Section 408(b)(2)(D)(v) requires that, when considering whether to establish, modify, or revoke a tolerance, the Agency consider “available information” concerning the cumulative effects of a particular pesticide's residues and ``other substances that have a common mechanism of toxicity.' Pyraclostrobin is a foliar fungicide which belongs to the new class of strobilurin chemistry. It is a synthetic analog of strobilurin A, a naturally occurring antifungal metabolite of the mushroom Strobillurus tenacellus (Anke et. al., 1977). The active ingredient acts in the fungal cell through inhibition of electron transport in the mitochondrial respiratory chain at the position of the cytochrome-bc1 complex. The protective effect is due to the resultant death of the fungal cells by disorganization of the fungal membrane system. Pyraclostrobin also acts curatively to prevent the increase and spread of fungal infections by inhibiting mycelial growth and sporulation on the leaf surface. BAS 500F inhibits spore germination, germ tube growth and penetration into the host tissues.

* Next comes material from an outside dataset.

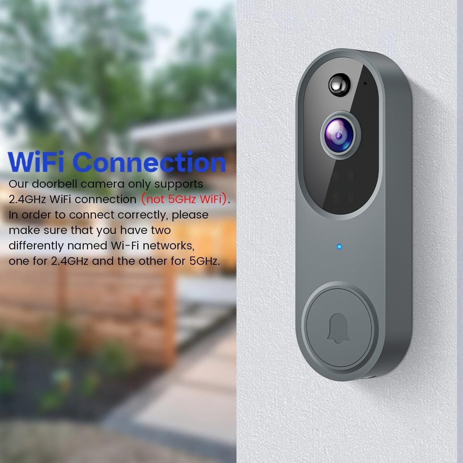 Only Supports 2.4GHz Wi-Fi: The doorbell is designed specifically for 2.4GHz Wi-Fi networks to ensure a stable and fast connection (does not support 5GHz Wi-Fi).

The EPA is currently developing methodology to perform cumulative risk assessments. At this time, there is no available data to determine whether BAS 500F has a common mechanism of toxicity with other substances or how to include this pesticide in a cumulative risk assessment. Unlike other pesticides for which EPA has followed a cumulative risk approach based on a common mechanism of toxicity, pyraclostrobin does not appear to produce a toxic metabolite produced by other substances.

E. Safety Determination.

U.S. population. Adding the proposed uses to those crops already on the pyraclostrobin label, aggregate exposure to adults in the U.S. population utilized at most 67% of the aPAD and 40% of the cPAD. Therefore, no harm to the overall U.S. population would result from the use of pyraclostrobin on the proposed and existing label crops.

Infants and children. All subpopulations based on age were considered. The highest potential exposure was predicted for children age 1-6. Using the FQPA safety factor of 3X when appropriate, the addition of the proposed crops to those on the label would use less than 1% of the aPAD and use 89% of the cPAD for children age 1-6. BASF concludes that there is reasonable certainty that no harm will result to infants or children from aggregate exposure to pyraclostrobin residues on the proposed and existing label crops.

F. International Tolerances.

Maximum Residue Levels (MRLs) have been established for pyraclostrobin in Canada. No MRLs have been established by the Codex Alimentarius Commission.